EXERCISE AIM = Should any entry include an image, skip the image and copy the entry exactly.

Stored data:
========
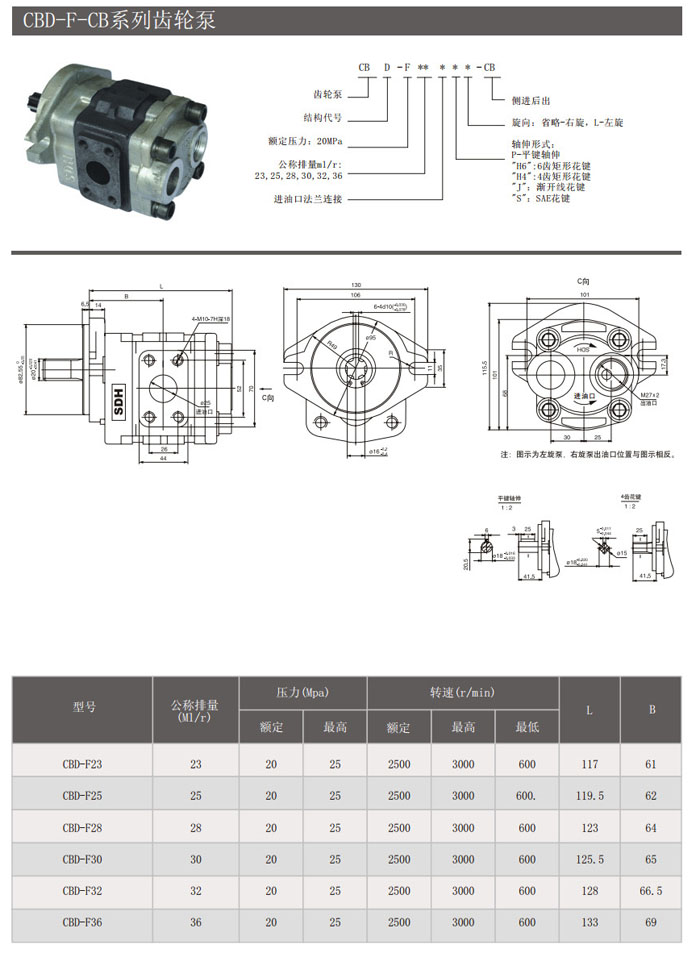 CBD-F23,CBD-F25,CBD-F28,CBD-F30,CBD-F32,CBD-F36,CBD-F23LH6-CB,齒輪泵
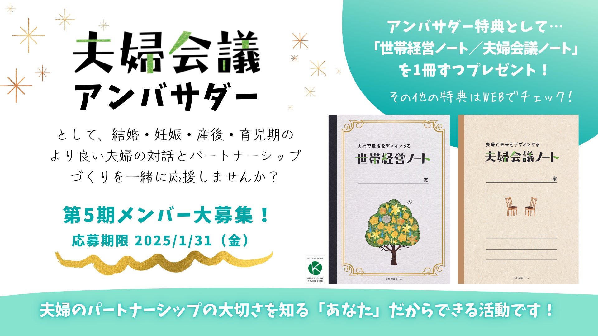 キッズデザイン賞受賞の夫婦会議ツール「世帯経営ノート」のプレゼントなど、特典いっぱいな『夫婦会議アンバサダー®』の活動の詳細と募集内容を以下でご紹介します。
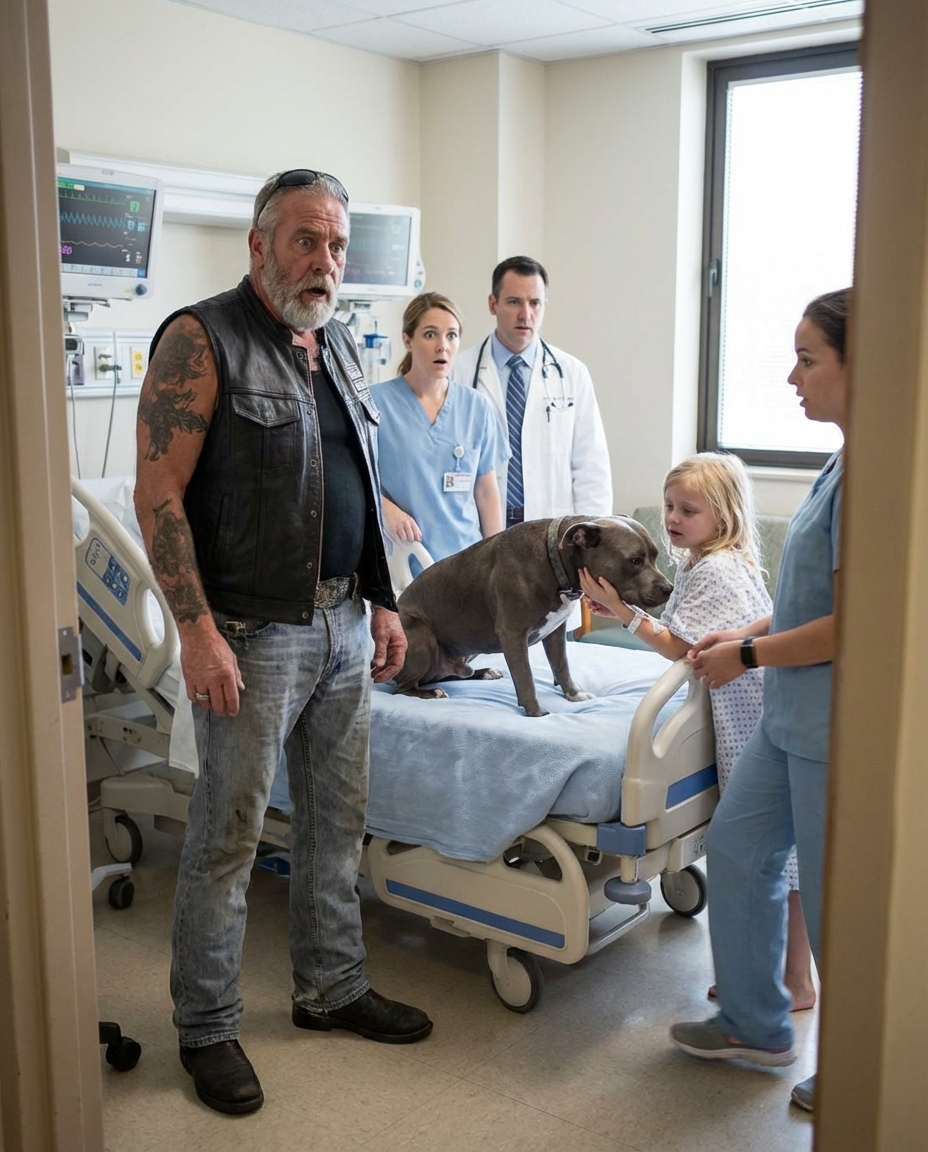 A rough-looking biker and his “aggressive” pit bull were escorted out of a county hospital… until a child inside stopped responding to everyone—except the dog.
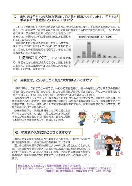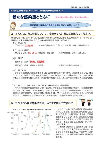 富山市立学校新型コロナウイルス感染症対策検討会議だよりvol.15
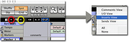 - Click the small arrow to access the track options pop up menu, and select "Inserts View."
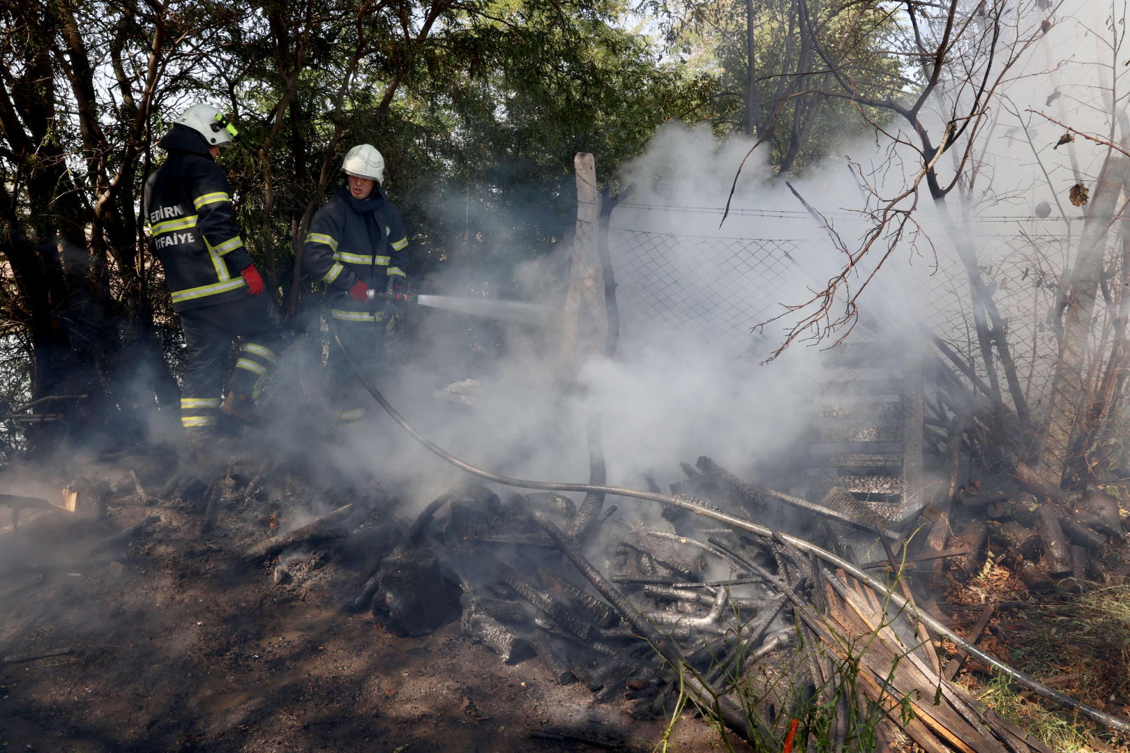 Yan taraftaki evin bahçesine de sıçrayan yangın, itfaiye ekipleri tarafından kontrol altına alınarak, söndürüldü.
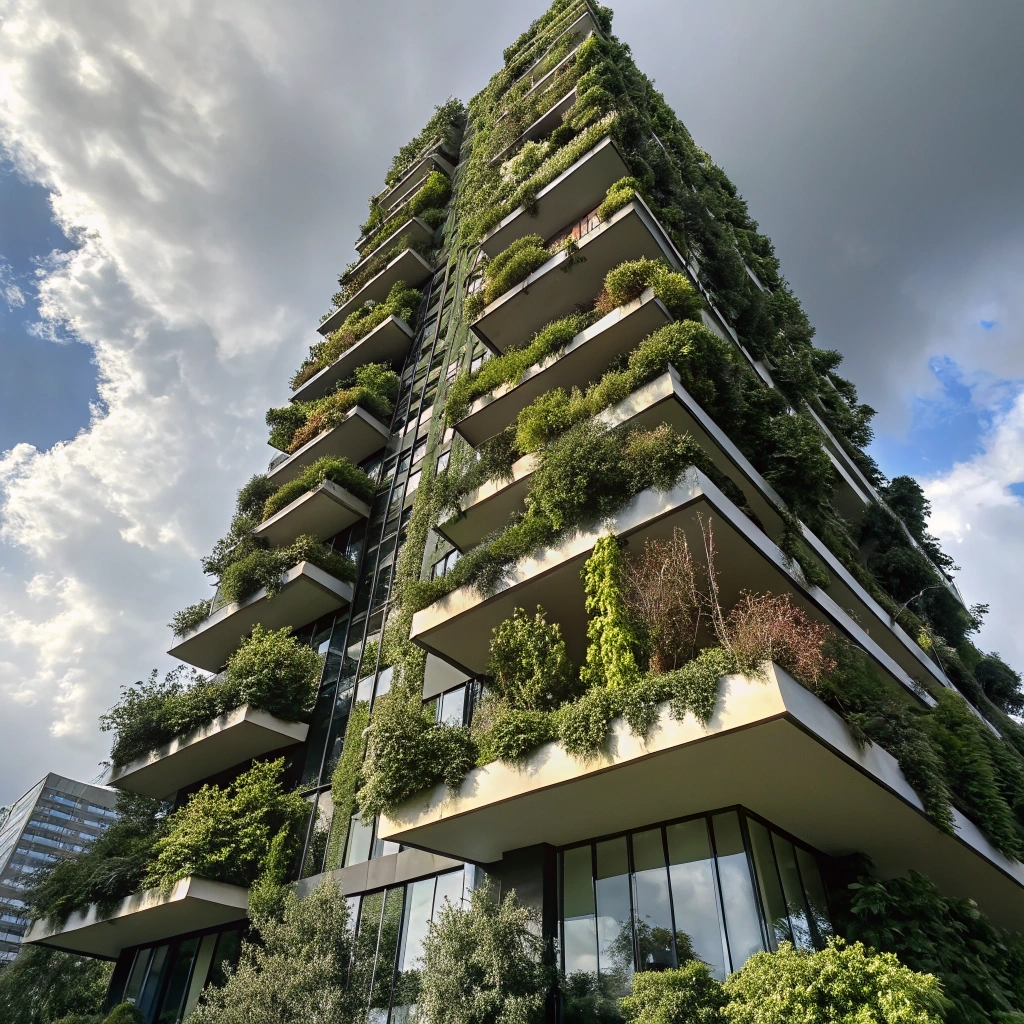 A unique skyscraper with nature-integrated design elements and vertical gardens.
========
RESULT OF THIS TASK =
 CBD-F23,CBD-F25,CBD-F28,CBD-F30,CBD-F32,CBD-F36,CBD-F23LH6-CB,齒輪泵
 キッズデザイン賞受賞の夫婦会議ツール「世帯経営ノート」のプレゼントなど、特典いっぱいな『夫婦会議アンバサダー®』の活動の詳細と募集内容を以下でご紹介します。
 A rough-looking biker and his “aggressive” pit bull were escorted out of a county hospital… until a child inside stopped responding to everyone—except the dog.
 富山市立学校新型コロナウイルス感染症対策検討会議だよりvol.15
 - Click the small arrow to access the track options pop up menu, and select "Inserts View."
 Yan taraftaki evin bahçesine de sıçrayan yangın, itfaiye ekipleri tarafından kontrol altına alınarak, söndürüldü.
 A unique skyscraper with nature-integrated design elements and vertical gardens.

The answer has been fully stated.